Maintenance free with the whole roof guaranteed weather secure for 40 years
Practically every traditional roof tile manufacture extols the merits of dry fixing. Practically every traditional roof tile manufacturer charges extra for it.
With every single Decra tile and accessory it comes as standard and at no extra cost. There is no other way of fitting them.
Traditionally, mortar has been used to secure the perimeters of roofs, and it is widely acknowledged that this is a potential source of roof failure because of incorrect ratios of sand and cement, wrong choice of sand, too dry a mix, too wet a mix. And there is just that little problem of not being able to apply it in wet or freezing conditions.

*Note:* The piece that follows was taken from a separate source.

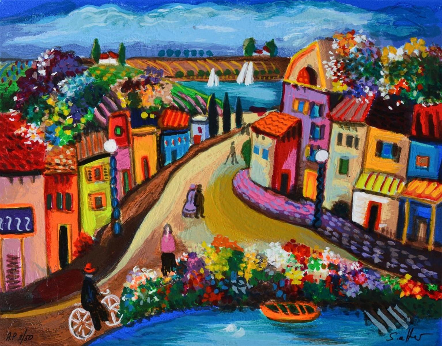 Artist: Shlomo Alter - Title: Town on a Lake - Medium: Serigraph on Fine Art Paper - Signature: Hand-signed by the Artist - Limited Edition: AP 50 - Paper Size: Approximately 11.25 inches x 13.75 inches - Framed: Unframed - Details: This work comes with a Certificate of Authenticity - Biography: Shlomo Alter was born in Romania to a family of restaurateurs. He emigrated to Israel in 1948 and during high school he started to study painting under the well known artist Aaron Avni. Some of his early works appeared in UNICEF'S world touring exhibition of young artists. Altar's works are influenced by his early recollections of the well dressed people who gathered in the courtyard of his parent's restaurant in Bucharest to eat and drink, to dance of Gypsy bands, and to enjoy the convivial atmosphere. With a touch of optimism and good humor Alter's art reflects life at its core, an antithesis to the Nazi regime that shattered his childhood happiness. His paintings are like stage set on which the objects relate to each other through a glow of colors and lines - a frozen moment in time, a dynamic stillness prior to a burst of action. His style can best be compared to that of the Expressionists. He uses color to give direct expression to his ideas in influence by the famous, particularly Matisse and Duty.

But take a look out of your window, or take a walk down your street, and you will not help but notice how few roofs with concrete tiles, clay tiles or slates are dry fixed. Why? Is it because it is too expensive?
With Decra, every tile and accessory is dry fixed, and mortar can not be used with them. Which is why a written, 40-year weather security guarantee is given covering the whole roof, not just the tiles. It is not uncommon for traditional tile manufacturers’ roof guarantees to be void if wet fixing has been utilised.
Dry Fixed For The Ultimate In Security
The UK and Ireland are two of the windiest countries in Europe, but not one correctly fitted Decra roof has ever suffered damage caused by wind uplift, and this includes the hurricane in South East England in 1987. So, not one penny has been spent on repairing Decra roofs through weather damage.
This outstanding performance is due to Decra's completely dry-fixed system combined with Decra’s unique top and bottom fixing method that has given Decra its extraordinary reputation for practically nil post-installation maintenance.
A day of gale is defined as a day on which the mean wind speed at the standard measuring height of 10m above ground attains a value of 34 knots (39 miles per hour, 17.2 metres per second) or more over any period of 10 minutes during 24 hours.